From here, the math gets real simple. In the NCAA hockey tournament, losers go home. Win two, and you're in the Frozen Four. Win four, and you're national champions.
It's a feat the Boston College Eagles have pulled off in two of the past three years, winning national crowns in 2008 and 2010. Last year, the Eagles used the Northeast Regional in Worcester, Mass., as a springboard to the school's third national crown since the turn of the century.
This year, the road to BC's title defense is a bit more circuitous, running through the West Regional in St. Louis, where the Eagles are the No. 1 seed and will take on 4th-seed Colorado College on Friday night at the Scottrade Center (9 p.m. ET on ESPN3).
It is a professional arena, but also one with unsettling memories for BC hockey coach Jerry York and his staff, as their Eagles lost to Michigan State, 3-1, in the 2007 NCAA championship game.
"If I can use a golf analogy, during the season we play difficult courses," said York. "We've been out to play two of the NCAA participants, two games at Denver and a game at Notre Dame. So we try to make the course as difficult as we can during the year, and now we get to the nationals, and they tell us, 'OK, Jerry, move to the back, back tees,' and we play a little more difficult schedule from here.
"We anticipate that," he said. "Every year, teams ramp up when you get to these Regionals."
Merrimack coach Mark Dennehy agreed: "There isn't a soft opponent left."
Dennehy's Warriors and a third Hockey East squad, New Hampshire, are both playing close to home in the Northeast Regional in Manchester, N.H. The Eagles, however, were sent packing, despite their lofty No. 2 national ranking and No. 1 regional seed.
"It's hard, guys," York told reporters during a conference call this week. "I've been at this a long time, and I'd like to win a lot more, but it's difficult.
"But we're excited, and I think our kids are focused. But I don't underestimate any of the other teams. These are difficult environments to play in, and difficult teams to play against."
This is Boston College's 30th NCAA Tournament appearance, including its 12th under York.

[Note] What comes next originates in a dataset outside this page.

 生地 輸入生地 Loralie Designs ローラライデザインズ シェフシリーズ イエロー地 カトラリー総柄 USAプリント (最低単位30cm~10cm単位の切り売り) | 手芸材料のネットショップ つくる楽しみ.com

No. 1 Boston College (30-7-1) vs. No. 4 Colorado College (22-18-3), 9 p.m. (ET) Friday, Scottrade Center, St. Louis, Mo.
Last Saturday night, after winning his fourth Hockey East crown in five years, BC coach Jerry York was clearly unhappy with the prospect of his No. 1-seed Eagles getting shipped to the West Regional. He said his team was effectively "held hostage" by 4th-seed New Hampshire hosting the Northeast Regionals, and NCAA rules that prevent two teams from the same league meeting in the opening round.

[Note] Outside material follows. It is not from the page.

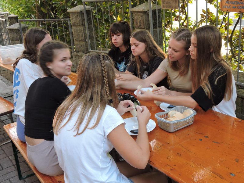 Ne moremo verjeti, danes je že četrtek, jutri gremo domov . Po opravljenem zajtrku in telovadbi,  smo se odpravili v Portorož, na vrsti je bil turizem. Tega v Portorožu res ne manjka. Grand hotel Bernardin *****je res nekaj posebnega. Za njim se nam je prikazal hotel Histrion**** .  Reševali učne liste, nato smo se pogovorili, kaj vse vpliva na turizem. Pot nas je vodila mimo slaščičarne. Kakšen sladoled. Mjami. Ste vedeli, da iz Portoroža lahko pridete v Strunjan skozi tunel, skozi njega je nekoč vozila železnica. V Strunjanu blizu solin se je podoba kraja močno spremenila. Najbolj nas je impresionirala naravna stena iz klifa. Čudovito. Pešačili smo mimo Pacuga in končno uspeli priti v Breženko. To pa je bil pohod in pol. Samo, da zvečer ne bi spet pešačili. Ko smo se najedli, naenkrat nismo bili več utrujeni, saj je bil prosti čas za odbojko, družabne igre, druženje. Čakali sta nas še dve vsebini: raziskovali smo obrežni pas morja. Ugotovili smo, da se morje zelo spreminja zaradi podnebnih sprememb. Saj drugače se 12. oktobra ne bi mogli kopati. Nato smo pripravili školjke na istrski način. Ta se razlikuje od dalmatinskeg. V istrskem  ne uporabljamo paradižnikove mezge.  Sami smo pripravili školjke pod učiteljevim vodstvom. Veste, da me zelo mika, da vam izdam, kdo sta bila kuharja. Imam čudovite posnetke, ki bodo zagledali luč na valeti. Zato vljudno vabljeni na našo valeto, kjer bo prikazano vse, kar ni za širšo javnost. Po večerji smo imeli zaključni ples. Srčki so kar poskakovali po plesišču. Mogoče  bi ostali še kakšen dan? Jutri pa že domov. Lahko noč.

But by Tuesday, 48 hours after BC's ticket to St. Louis was booked, York was putting a happier face on his squad's upcoming travels.
"There are a lot of aspects to the national tournament that I really enjoy, and this is one of them," said York, gunning for his fifth national title, and fourth with his alma mater. "You get a chance to go against somebody else. We've been banging heads against Hockey East teams right down the stretch drive here, night in and night out. And now we get to play teams with different colors on."

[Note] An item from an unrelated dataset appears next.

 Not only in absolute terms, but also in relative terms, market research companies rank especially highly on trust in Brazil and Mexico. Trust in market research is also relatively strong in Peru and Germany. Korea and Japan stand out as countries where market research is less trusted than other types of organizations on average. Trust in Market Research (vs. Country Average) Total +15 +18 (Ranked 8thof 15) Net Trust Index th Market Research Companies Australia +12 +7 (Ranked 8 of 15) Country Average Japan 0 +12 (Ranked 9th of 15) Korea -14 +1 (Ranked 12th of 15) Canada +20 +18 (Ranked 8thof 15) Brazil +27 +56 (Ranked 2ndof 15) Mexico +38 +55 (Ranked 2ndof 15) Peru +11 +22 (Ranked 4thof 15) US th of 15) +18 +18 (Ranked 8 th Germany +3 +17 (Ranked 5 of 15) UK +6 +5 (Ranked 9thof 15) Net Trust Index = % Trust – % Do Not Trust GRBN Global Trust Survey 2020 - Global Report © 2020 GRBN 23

The colors will be the black and gold of Scott Owens' Colorado College Tigers. The school is one of the smallest in Div. 1 hockey (1,960 enrollment), but its hockey team showed enormous heart in the WCHA semifinals before losing to North Dakota, 4-3.
"I'm very impressed with the speed and the creativity that the Tigers play with," said York, after watching the Tigers play the Fighting Sioux. "They had North Dakota right there in the third. Of course, North Dakota won the game, but I enjoyed watching how the Tigers play. I think they're very, very quick, very unselfish, and very creative. And those are adjectives that we like to use to describe how we play."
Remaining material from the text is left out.